Total lead equivalent in a protective layer-like structure of a lead substitute material means the lead equivalent of the sum of all protective layers. Total nominal lead equivalent means the lead equivalent to be specified by the manufacturer for personal protective equipment in accordance with DIN EN 61331-3.

It is when measuring the lead equivalences and the attenuation factors depending on the tube voltage It has been found that the protective effect of lead-free materials, in particular with an X-ray tube voltage of 60 to 80 kV, is considerably lower compared to lead than in the energy range of 80 to 100 kV.

There are two main reasons for this. First, the mass attenuation coefficient of lead-free materials such as tin is at the average energy of the 60 kV spectrum, i.e. at around 25 keV, lower than that of lead. On the other hand, there is a particularly large dose build-up effect in this low energy range. In other words, the protective effect of the material is reduced by the generation of secondary radiation on the radiation exit side.

To achieve a high protective effect, the dose build-up in the lead-free material should be kept as low as possible. As already stated, secondary radiation is excited in the material, which has a negative effect on the shielding effect of the material in the case of large radiation fields. The excited fluorescence radiation is mostly responsible for the dose build-up.

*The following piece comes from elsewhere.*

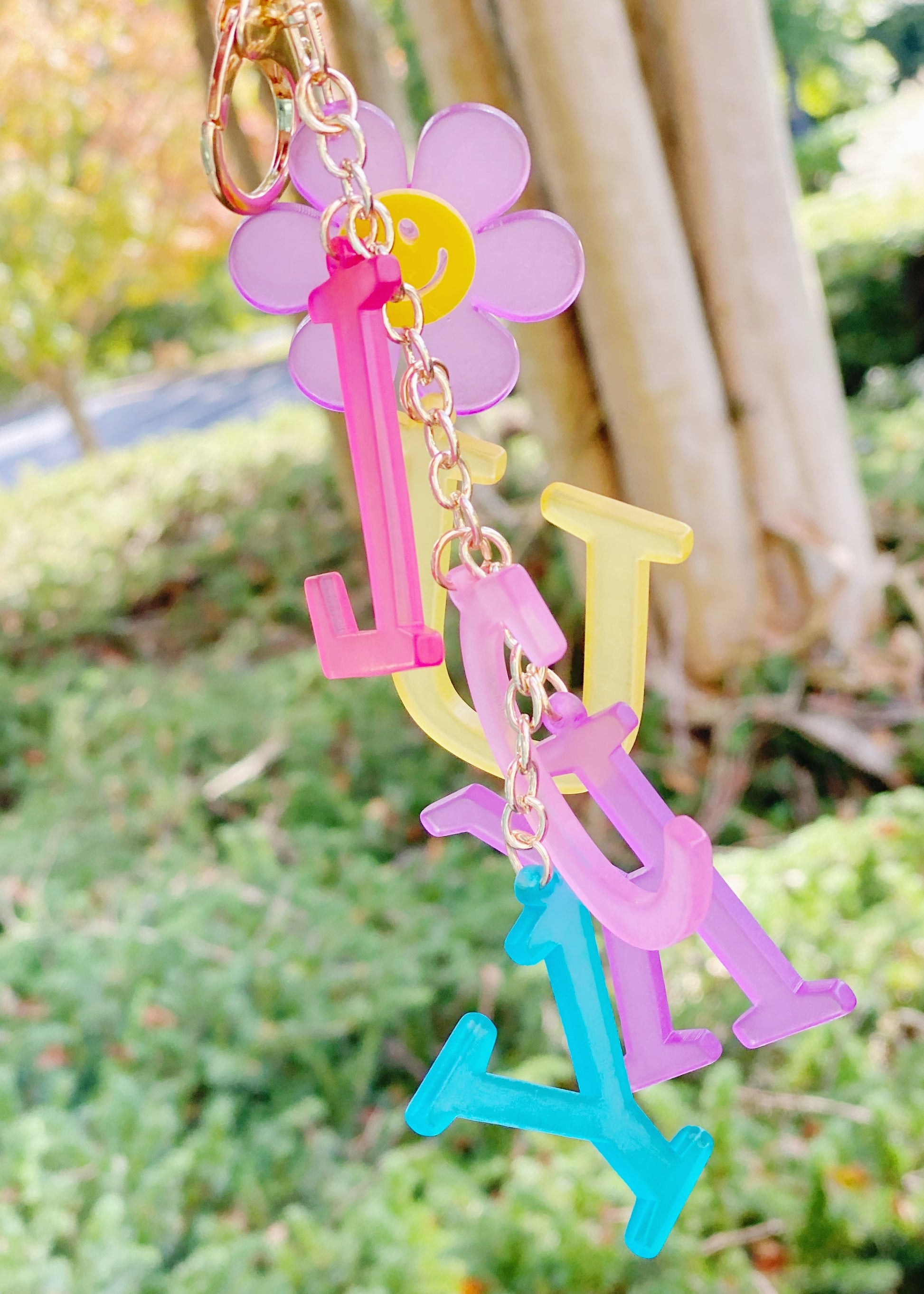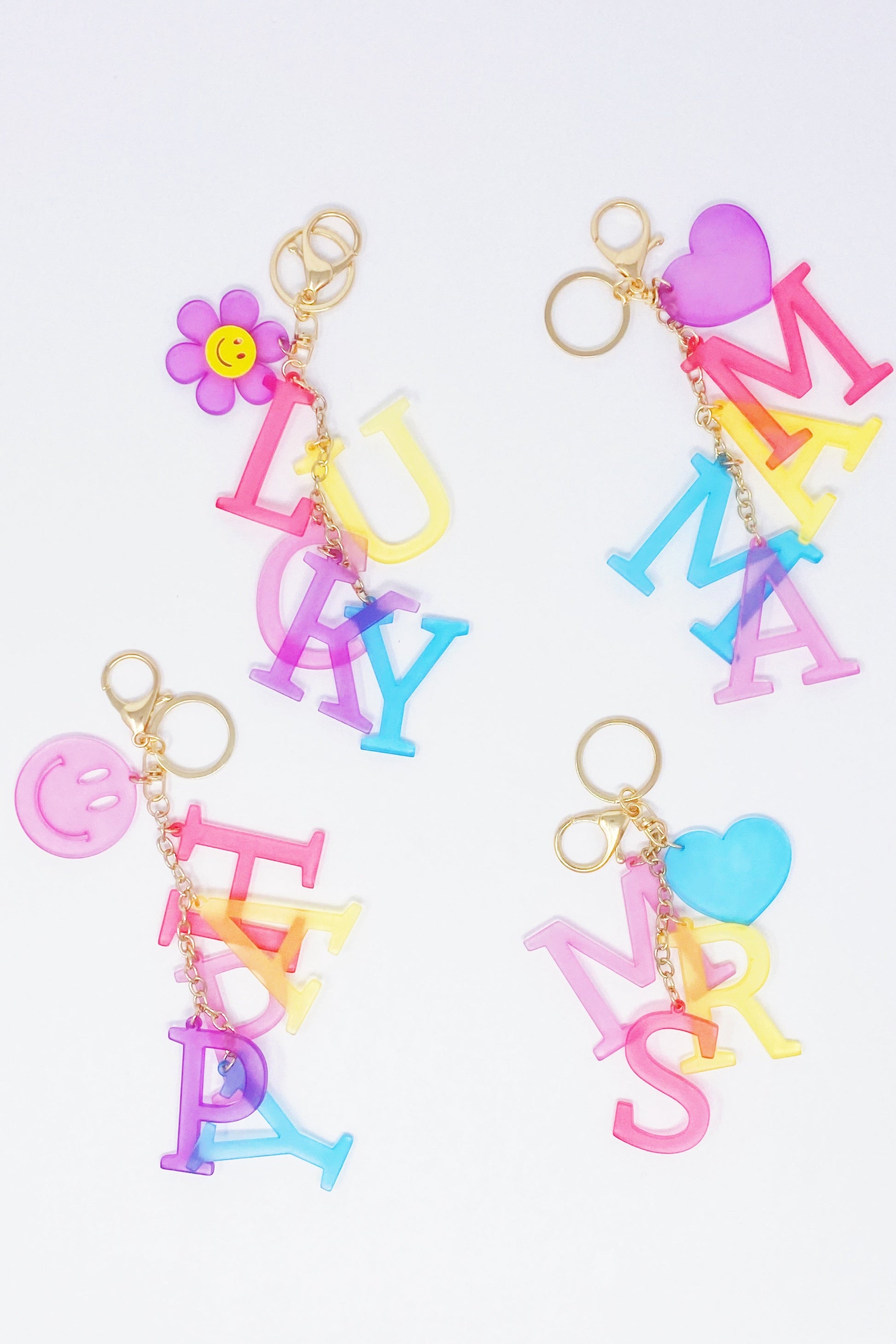 Absolutely beautiful key chains with our favorite words hanging with matching symbol. Each letter of the word beautifully cut out and put together in tier, so fun to hold it and jingle it!

The dose build-up is expressed numerically by the so-called build-up factor according to IEC 61331-1.

The object of the present invention is to provide a lead-free radiation protection material which has small or only negligible amounts of secondary radiation over the energy range of an X-ray tube with a voltage of 60 to 125 kV and thus ensures an optimal shielding effect.

The object of the present invention is achieved with a lead-free radiation protection material according to claim 1.

The present invention relates to a lead-free radiation protection material in the energy range X-ray tube with a voltage of 60 to 125 kV with a layer structure of at least two layers with different shielding properties.

The invention further relates to radiation protection clothing made from the lead-free radiation protection material according to the invention.

It is essential according to the invention that the lead-free radiation protection material has at least two layers with different shielding properties. In this two-layer structure, the composition of the protective material in one layer is such that one layer alone does not achieve the desired properties with regard to the shielding effect, in particular over a larger energy range from 60 to 125 kV. Only the two layers together provide optimal shielding properties.

The layer structure of at least two layers of different shielding properties of the lead-free radiation protection material according to the invention is preferably composed of a secondary radiation layer and a barrier layer.

The secondary radiation layer converts a large part of the incident X-rays into secondary radiation, i.e. Fluorescence radiation, um.

The barrier layer blocks the fluorescent radiation which arises in the secondary radiation layer and itself only develops low secondary radiation.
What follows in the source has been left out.